> [Your goal]:
Further down are entries; set down exactly and only the lines from the one with "One half of" up to and including the one with "Religious holidays include", dropping each picture.

> [Listed records]:
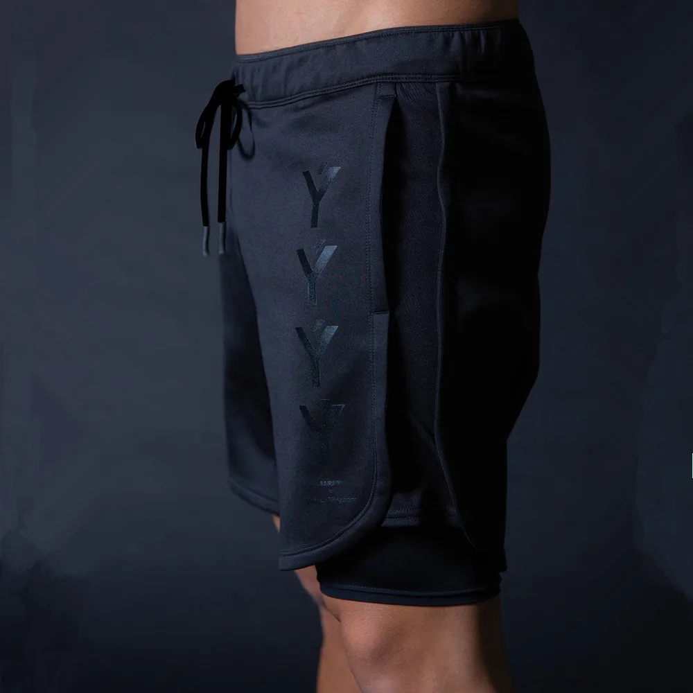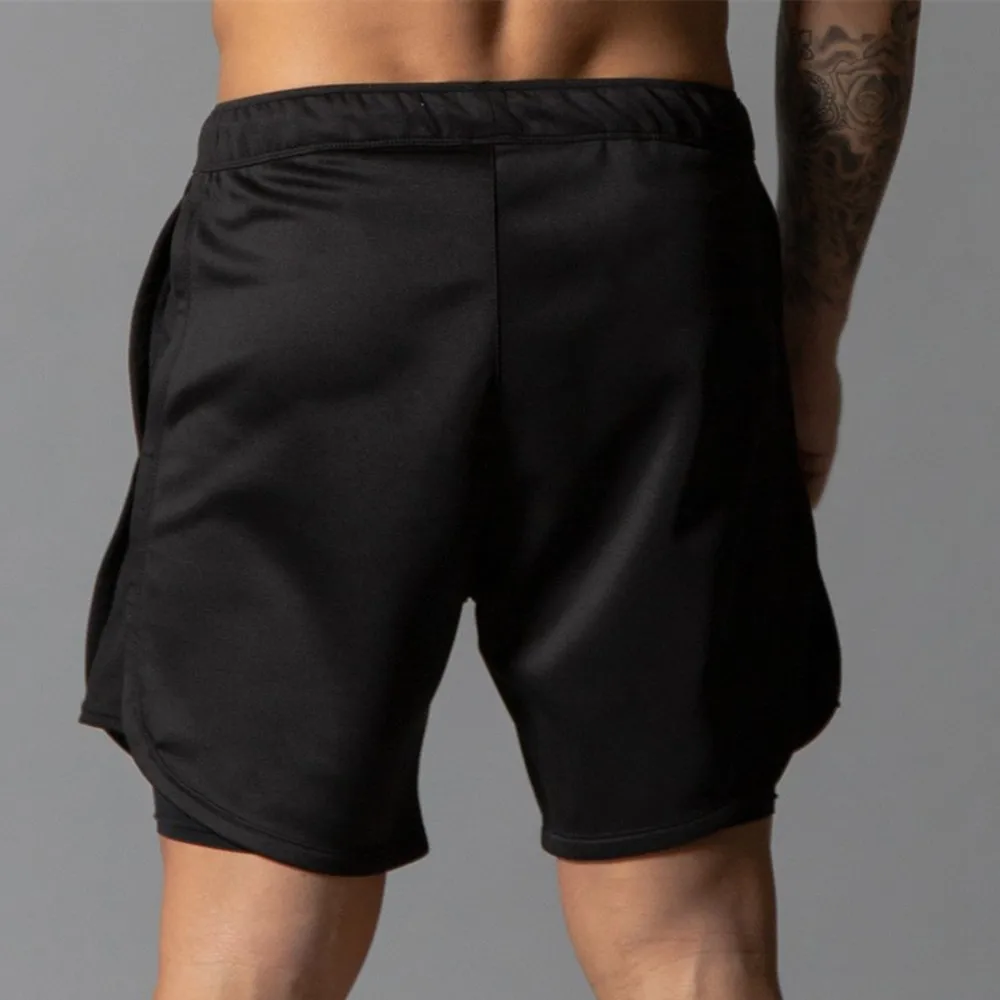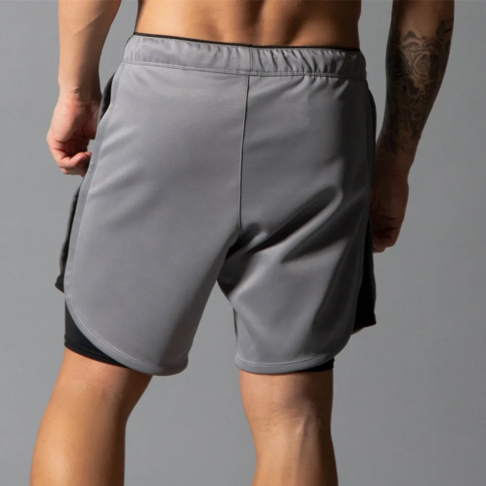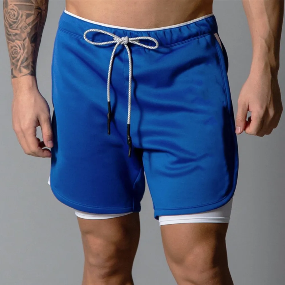 Шорты мужские спортивные 2 в 1, двухслойные короткие штаны, спортивные Бермуды для фитнеса, бега, тренировок, Летние повседневные быстросохнущие пляжные шорты
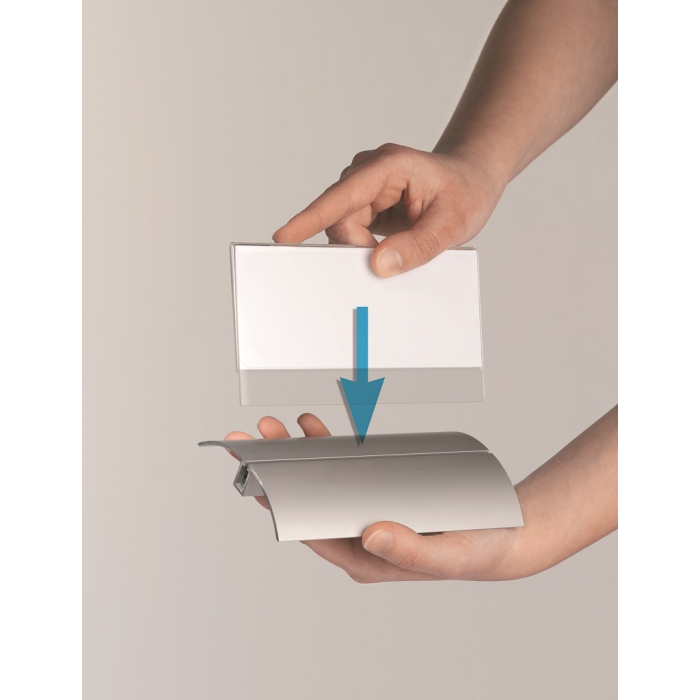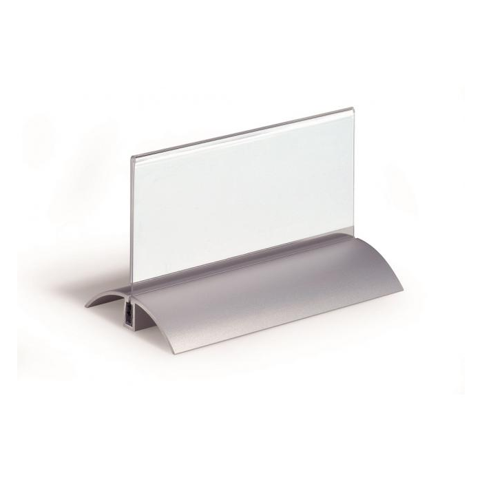 Štýlová stolová menovka s hliníkovým podstavcom. Unikátny uchytávací systém zabraňuje samovoľnému alebo neželanému vysunutiu menovky.Čítanie z oboch strán. Ideálna na konferencie, porady alebo miesta na styk so zákazníkom. Balenie 2 ks.
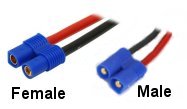 These connectors are a good high-power plug for battery connections and brushed motor connections. They have a firm grip and excellent connectivity in all conditions. Battery leads will be terminated with a female Deans plug (to avoid short circuit when storing). |
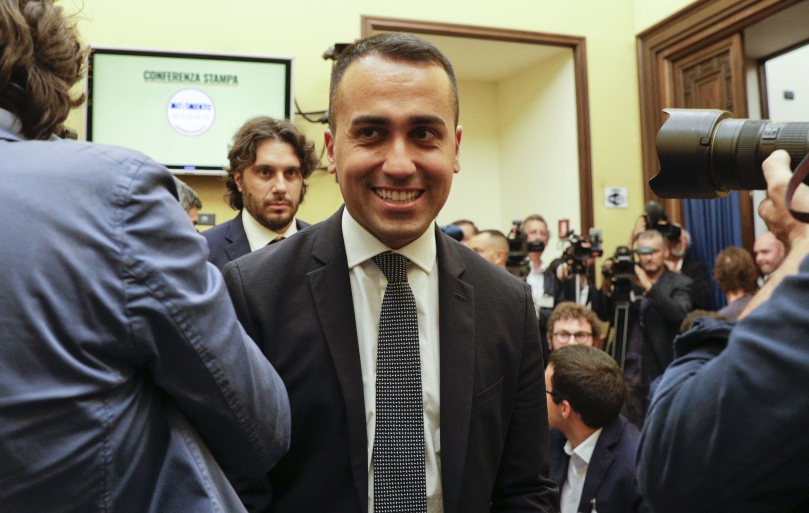 Leader of the 5-Star Movement, Luigi Di Maio, smiles as he meets the media in Rome.
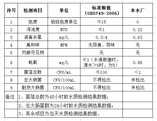 先生店水廠2019年11月21日出廠水水質(zhì)公告
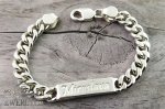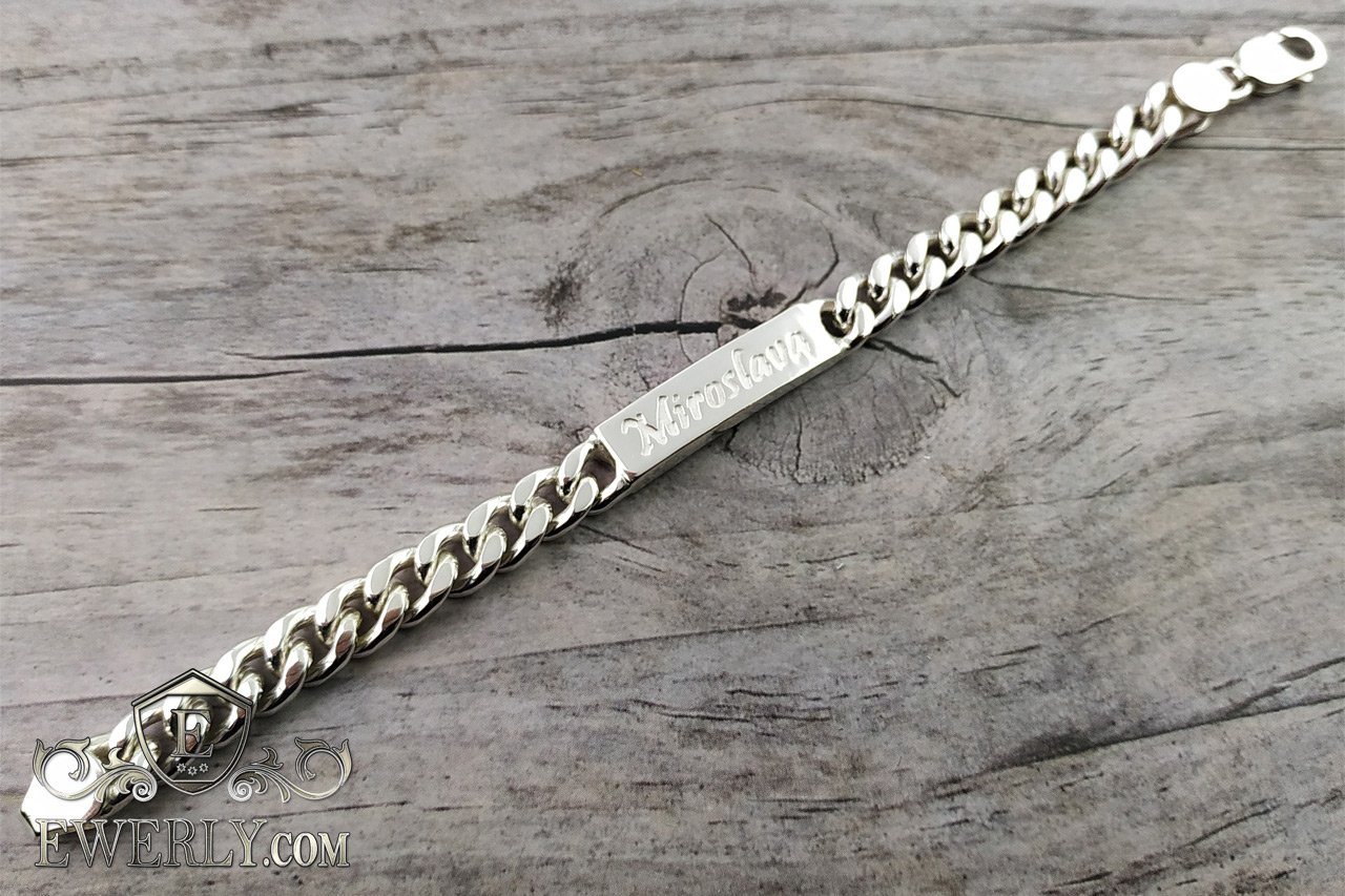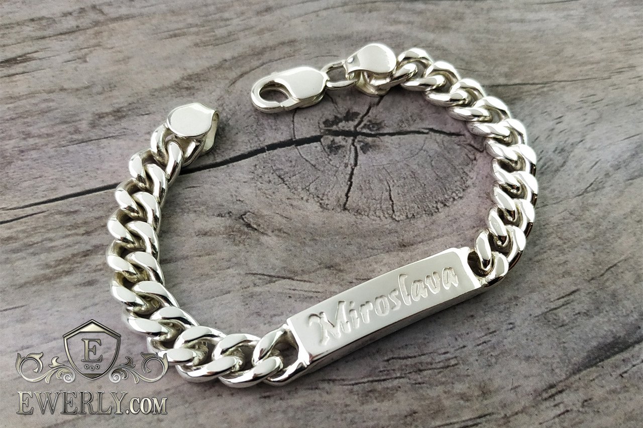 Полновесный браслет. На фото изображён Панцирный серебряный браслет с пластиной, данная пластина имеет длину 3 см и гравировку сверху "Miroslava".
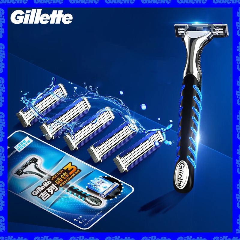ยิลเลตต์ เวกเตอร์ 3 มีดโกนโกนหนวดมีดโกนสําหรับผู้ชายคู่มือมีดโกนความปลอดภัยอย่างรวดเร็วเครื่องโกนหนวดเครายิลเลตต์ผู้ชายมีดโกนและใบมีดคมของขวัญฟ
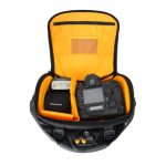One half of the main compartment is designed to fit a Pro DSLR or Mirrorless body attached to a 200-600mm f5.6-6.3 lens. An adjustable thick, sturdy and well-padded cradle supports the camera body from below and secures the large lens in position, while making sure it is well protected all around the delicate connection point.
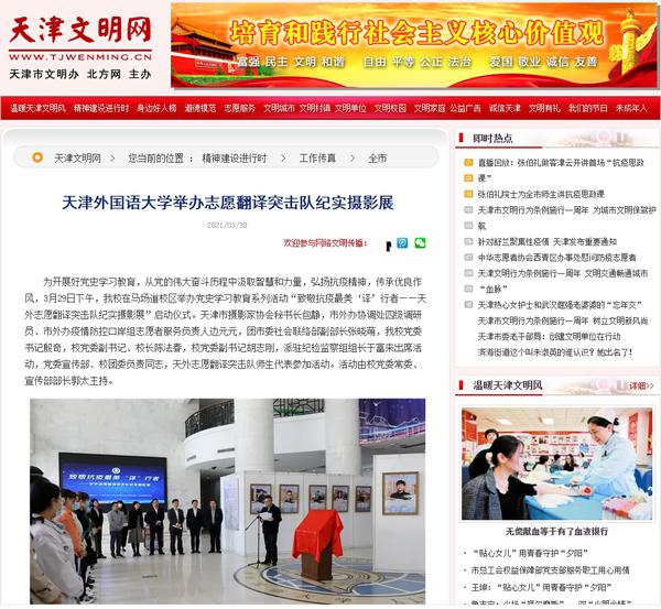 3月30日,天津文明网以《DAJIANG.COM_大江(中国)举办志愿翻译突击队纪实摄影展》为题,转载我校相关活动报道。
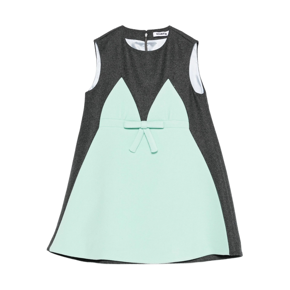 green sleeveless design bow detail v-neckline
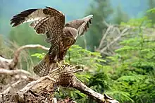 From Byzantine Greek γεράκιν (gerákin), from Koine Greek ἱεράκιον (hierákion). Cognates include Greek γεράκι (geráki).
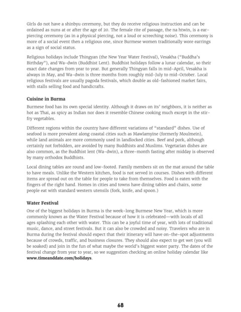 Religious holidays include Thingyan (the New Year Water Festival), Vesakha (“Buddha’s
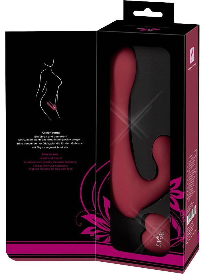 RC Rotating Rabbit Vibrator from Javida stimulates both your insides and clitoris. The vibrating shaft with a rotating top ensures exciting massage of the G-spot while the flexible clitoral stimulator delivers vibrations. All functions can be easily controlled with the stylish, heart-shaped remote control.
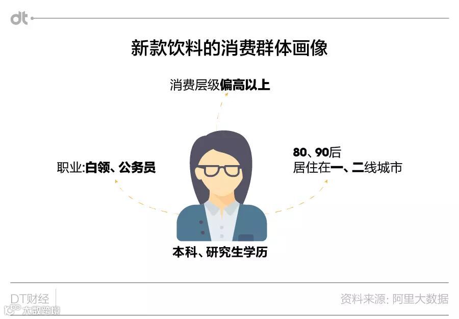 根据阿里大数据,对果蔬汁、椰子水、气泡水、即饮咖啡等饮料品类有网购兴趣的典型用户,长这样(你没跑吧):
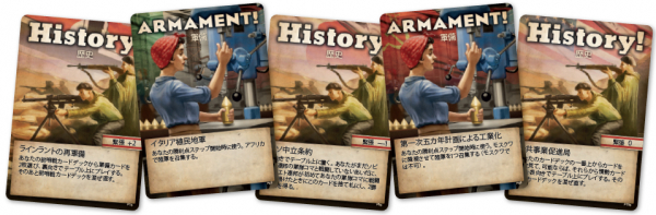 しかし、「軍備」のプレイのためにカードを使いすぎたり、「歴史」によって軍事的緊張が高まりすぎると、第二次世界大戦が勃発してしまいます。
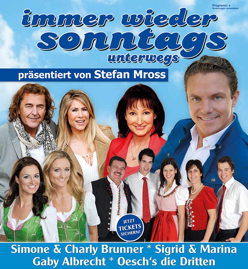 ![]() Die Tournee "Immer wieder sonntags - unterwegs", präsentiert von Stefan Mross, ist nun für dieses Jahr zu Ende. Es war eine wunderbare Zeit. Stefan hat mit seinem unverwechselbaren Humor nicht nur auf der Bühne für gute Laune und gute Stimmung gesorgt. Es war jeden Tag aufs Neue schön, in diesem Programm mitzuwirken. Gemeinsam mit Simone & Charlie Brunner, Oesch's die Dritten, Sigrid & Marina waren wir wieder in über dreißig Städten zu Gast. Ein Dankeschön an alle Kollegen für die Harmonie auf und hinter der Bühne und auch an die Crew, die wieder dafür sorgte, dass alles reibungslos ablief. Für alle weiterhin viel Erfolg und alles Gute. Bis zum nächsten Wiederseh'n viele Grüße Gaby Albrecht |

> [Reply to the exercise]:
One half of the main compartment is designed to fit a Pro DSLR or Mirrorless body attached to a 200-600mm f5.6-6.3 lens. An adjustable thick, sturdy and well-padded cradle supports the camera body from below and secures the large lens in position, while making sure it is well protected all around the delicate connection point.
 3月30日,天津文明网以《DAJIANG.COM_大江(中国)举办志愿翻译突击队纪实摄影展》为题,转载我校相关活动报道。
 green sleeveless design bow detail v-neckline
 From Byzantine Greek γεράκιν (gerákin), from Koine Greek ἱεράκιον (hierákion). Cognates include Greek γεράκι (geráki).
 Religious holidays include Thingyan (the New Year Water Festival), Vesakha (“Buddha’s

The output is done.